This thread is not about the amazing technology (No magnets! No electrostatic fields!) - this thread is about taking a 30+ year old pair of headphones that look like hell and turning them into something presentable.

The thing is, I got them cheaply. I paid about $30 shipped for three pairs of old headphones, including this one pair i really wanted. Other members of head-fi have paid as much as $100 for a pristine pair of SE-700's.

This first post covers my rebuild of the headband. I peeled the wretched vinyl off of the frame and cleaned off some of the dried out contact cement that Pioneer apparently assembled the entire headphone system with.

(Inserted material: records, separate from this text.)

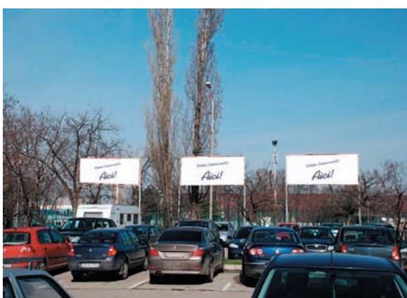
AFISARE BANNERE PARCAJ INTRARE B
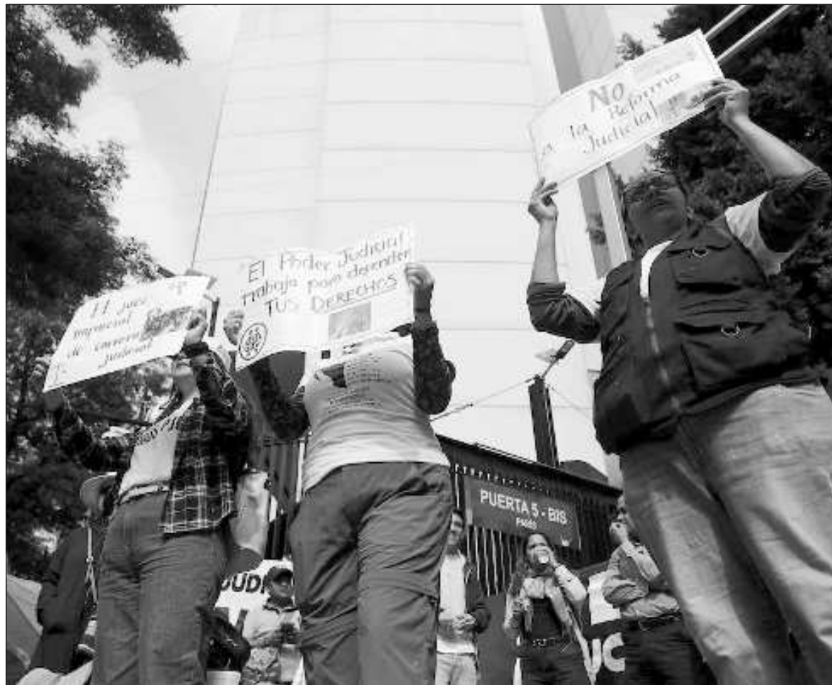
▲ "Eliminarlos supone cancelar muchos años de formación y especialización de conocedores del derecho a la información, la evaluación de proyectos, el desarrollo de la producción de energía y de hidrocarburos".

PORQUE CADA UNO de estos organismos proviene de experiencias largas que demostraron su necesidad y que justifican su utilización eficaz a lo largo de al menos dos décadas. Recuperan algún momento del desarrollo político del país y, en algunas ocasiones incluso, como lo han recordado (con poco tacto) los embajadores de Estados Unidos y Canadá, acuerdos hechos para brindar seguridad al Tratado conjunto entre los tres países (el caso de la Cofece). Otros organismos surgen de problemas semejantes y resuelven asuntos cotidianos a los que nos hemos acostumbrado: ¿Cómo asegurar que se me informe sobre actos del gobierno? Ahí está el INAI. ¿Sabemos si las medidas para mejorar el bienestar y los niveles de vida dan resultado? Para eso está el Coneval. Pese a sus fallas y errores, han
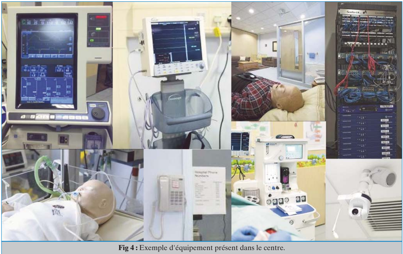
Fig 4 : Exemple d'équipement présent dans le centre.

installées sur un réseau (figure 1) et totalement équipé (figure 4). C'est le plus grand centre développé pour la simulation de haute fidélité en Grande-Bretagne et attire de nombreux visiteurs.
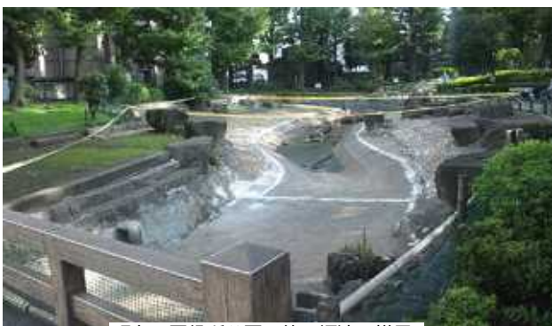
現在の区役所公園の釣り堀池の様子

ところで電力使用制限令が解除 されて、区内施設も通常に戻りま した。節電はこれからも必要です し、私たちの生活の仕方もある考 えるときに考えています。しかし、あの 「電力不足」「計画停電」騒ぎは
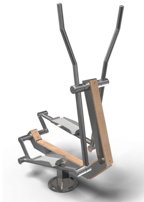
Vizualizace mají pouze ilustrační charakter Právo na změny vyhrazeno

Poznámka: Maximální hmotnost uživatele je 120 kg. Druhé osobě je zakázán vstup do vzdálenosti 2m do uživatele. Zařízení smí bez dozoru užívat pouze osoby s minimální výškou 140 cm. Jiné než uvedené použití je zakázané. Zařízení je v souladu s normou ČSN EN 16630.
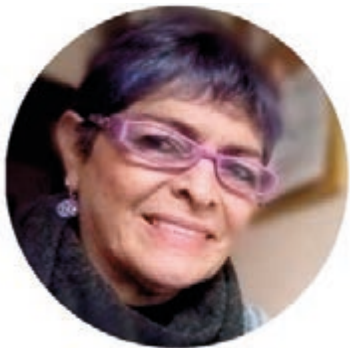
Por Lucía Duque Ríos

I prefer double-sided tape for this sort of thing, and i have a few hundred yards of two-inch-wide double-sided adhesive nonwoven fabric tape, with impressive bonding characteristics. This is Tesa(r) tape, manufactured by Bergdorf in Germany. It's the european version of the stuff that half of japan is held together with.

The entire rebuild procedure took about an hour and a half, with me stopping frequently to take pictures. I had previously disassembled the headphones to bare components and cleaned everything - including the piezo film.

Here's what I started with tonight:



That headband fabric won't lay flat, so, i laminated it with painter's tape.



Much better. Here it is overlaying the meat side of the deerskin suede I'm replacing it with.



I've stuck it to the suede with some lousy 3M double-sided cellotape so it doesn't move around while i cut with the x-acto blade.

And here's the cut out piece:



Looks great, no? This is really nice suede. It's very thin and supple. I've considered making earpads out of it.

Here's one of the internal pieces of the headband with mounting tape applied but not yet trimmed:



Here's the same piece, trimmed and peeled, along with one of the internal pieces of vinyl from the headband, with the backing still on it's mounting tape. You'll notice one edge is thinner than the other - that's where the cable runs.

I've cut the backing around the middle of the plastic piece because this will be the last part i stretch the suede over.



I forgot to take a picture of these stuck together. So here's a picture of the suede piece with mounting tape applied to the tabs on the ends.



The tabs get stretched over the ends of the top inner piece of the headband. I didn't separate the vinyl from the plastic here because the bond was good and clean.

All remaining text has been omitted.